Jerry O`Reilly
Jerry O`Reilly from Dublin is a singer and dancer. A founder member of Brooks Academy in 1982 he is still actively involved and teaches a weekly dance class there
He has taught dancing in Paris to the Association Irlandaise annually since 1988, at the Willie Clancy Summer School since 1984, at Wadebridge in 1998, at Sidmouth in 1999 and 2011, 2012, 2013 and at Whitby every year since 2000. He has taught dancing at the North American Convention of Comhaltas Ceoltoirí Eireann in Washington D.C. in 2000, and paid a return visit there in December 2001. He has taught dancing at “Feile Cois Chuain” in 2004 and 2013, The North Atlantic Fiddle Convention in Aberdeen in 2006, in St. John’s, Newfoundland in 2008 again in Aberdeen in 2010 and in Derry/Donegal in 2012.He has taught at the Newfoundland and Labrador Folk Festival in 2008 and in The Southbank Centre in London as part of the Cultura Obscura Festival in 2011.
He has made several successful dancing and teaching trips to Australia and has taught workshops in Melbourne, Perth, Adelaide, Sydney and at The National Folk Festival in Canberra . He is in demand as a teacher/caller all over Ireland, the U.K., Europe, The United States, Australia and Canada.
Jerry is also a noted singer and is one of the organisers of the Goilín Traditional Singers Club in Dublin, which is reckoned to be the foremost singing club in Ireland and which will celebrate its 40th anniversary in March 2019. He has acted as M.C. / Fear ‘a Ti at all of the major singing festivals in Ireland in recent years. He has also been involved with the production of several fine C.D.’s of traditional singing in English and also the Irish language. In 2003 he released his first solo C.D. called “Down from your pulpits, Down from your thrones”, which was enthusiastically received. Amongst his later projects were the production of “Around the Hills of Clare”, the double C.D. of archive recordings from the Jim Carroll and Pat MacKenzie collection, which has been described as an inestimable resource by reviewers, “The Spoons Murder and Other Mysteries”, a book and C.D. of the songs of Con “Fada” O’ Drisceóil, which has been a “best seller” and “ Cascades of Song” the C.D. of the Clare Festival of Traditional Singing, which was released in 2008 to popular acclaim. His second album, “Havoc in Heaven” was launched in early 2012 and has been described by The Irish Times as “a strapping collection which will fuel repertoires from Stonybatter to Sneem”.
In recent years he has been involved with the Man, Woman and Child ballad project in researching Irish versions of Child’s collection. In December 2015 he was instrumental in re-publishing ‘Early Ballads in Ireland’ celebrating the work of Tom Munnelly and Hugh Shields, two of Ireland’s foremost collectors of folksong. In 2016 he was part of the 1916 Song Project, which involved researching and writing a ‘new’ song around the centenary of The 1916 Rising.
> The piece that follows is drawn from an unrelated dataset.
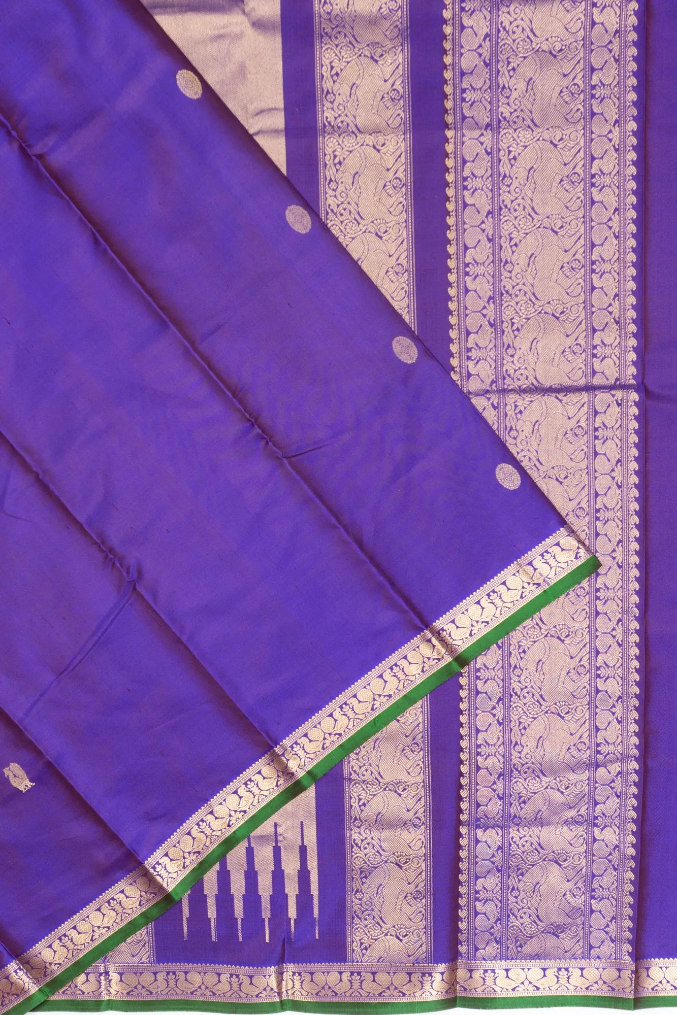 The small border showcases self gold zari peacock motifs nestled within a floral brocade, finished with a delicate green edge that adds a touch of freshness

Jerry is one of the main organisers of the Frank Harte Festival and has be Event manager and coordinator since its inception in 2006.
Rosie Davis has been a dancer and musician for almost all of her life, born in Liverpool into a musical family, she was encouraged to dance from the age of three. Having a strong interest in folk music and traditional dance found her dancing Lancashire Clog dancing in her late teens and twenties, Appalachian clogging and flat foot in her thirties, Southern English stepping in her fifties and with a move to Dublin in 2013 Irish Sean Nós in her sixties !
Sean Nós - means Old Style and the term is now used to mean a freestyle, improvised step dance with the feet close to the floor, sometimes based on battering or the stepping used for Set Dancing (Irish Quadrilles).
Rosie has developed her Sean Nós style through a study of the ‘old school’ Irish Traditional Step Dance steps as recorded by Michael Tubridy of the dances taught by West Clare dance masters Dan Furey and James Keane, by watching other dancers, and using her experience of allied traditional dance forms to explore the rhythms of traditional Irish music. With her musical knowledge and understanding of how solo traditional dance can fit into and enliven a music session, she has been welcomed into the Irish music scene in Dublin and beyond. She dances regularly at sessions in The Cobblestone, Dublin’s premier traditional music pub.
Since moving to Dublin Rosie has become a member of Brooks Academy Set Dancers and has danced on the Abbey Theatre and at the Céilí Mór which is part of Dublin’s official St Patrick’s day celebration. Together with Jerry O’Reilly she has facilitated classes and events focusing on Céilí dancing for all.